Are they trying to calm my fears about Taco Bell getting in the way of me achieving my weight loss goals for my resolution? (Especially since the site asks me to “Make a Frescolution” and all.) Are they trying to convince me that I can still eat healthily even though I’m getting fast food?
What are they trying to get me to do? I’m a person who would love to eat better in the new year and cut out junk/fast food, but am not sure of how to go about it. Would this commercial convince me to stick with what I’ve been doing, so long as I order “something else?”
Why does my reaction benefit them? Here’s why: Studies show that if I can get you at least in the drive thru lane, I’ve already got your money. Guess what else – I can also convince you to ignore the “healthy menu” and get what you’ve always gotten. Why? Because of habit! If you’ve always crept in that drive-thru lane and bought the same big giant nacho order, how easy do you think it’s going to be to get you in the lane, anyway? That “healthy menu” isn’t what’s on your mind when you pull in, anyway. If I can give you a reason to come back? I can keep you from resolving to stay away entirely, and then I can eventually convince you to stick around. Take a look at that menu – the “healthy” options aren’t the largest photos on the drive-thru menu. That’s for a reason.

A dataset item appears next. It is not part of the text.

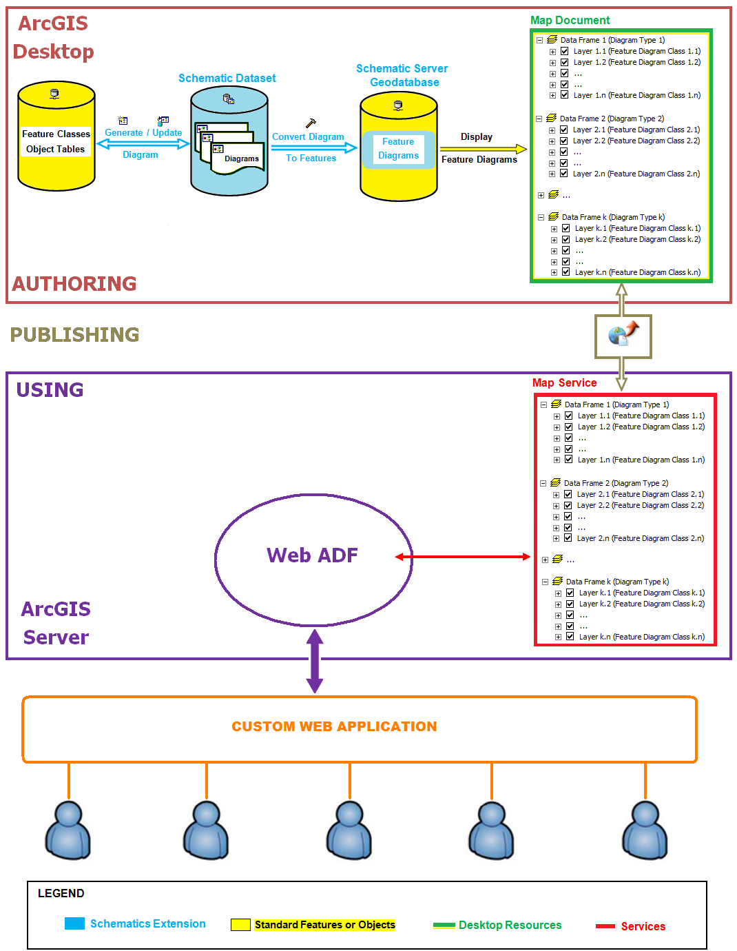Schematics diagram resources can not be directly published and displayed within ArcGIS Server. The following paragraphs explain the way of working to display schematic diagrams within ArcGIS Server.

Is it truly in my best interests to react to this in this particular fashion? Let me rephrase that for you – is it in your best interest to believe that a healthy diet (as in, the foods you eat regularly) consists of regular ingestion of Taco Bell? Especially when it says on the page, “For a healthier lifestyle, pay attention to total calorie and fat intake and regular exercise. Fresco can help with calorie reductions of 20 to 100 per item compared to corresponding products on our regular menu. Not a low calorie food?” They tell you basically everything you need to know to lose the weight without them, but they tack information onto it about how you can execute this with Taco Bell!
To put it mildly, the message that the viewer receives is “I can lose weight with this ‘Drive-Thru’ Diet.” Never mind the fact that she, apparently, lost the 54lbs over 2yrs – approx 27lbs per year – since she “…didn’t want to give up her fast food.” Is that kind of mentality one worth maintaining? I don’t think so. Personally, I believe it’s in one’s best interests to eat as far away from franchises as possible, but that’s me.
In closing (since I can’t say “In short,” ’cause this is anything BUT short), this is beyond stupid. It plays upon the insecurities of the consumer and treats them like marks, ready for the swindle – “You want to lose weight and not give up your fast food? We still gotcha back! Check out these tacos with no cheese or sauce!” – all while avoiding any claims of misrepresentation… because they told you to calorie count. They also told you these are not low-calorie foods, so take them at their word. Do your best to avoid it, and your body will thank you with more than 54lbs lost… and you’ll lose it in less than two years.
What are your thoughts about this? Have you seen the commercials? What did you think?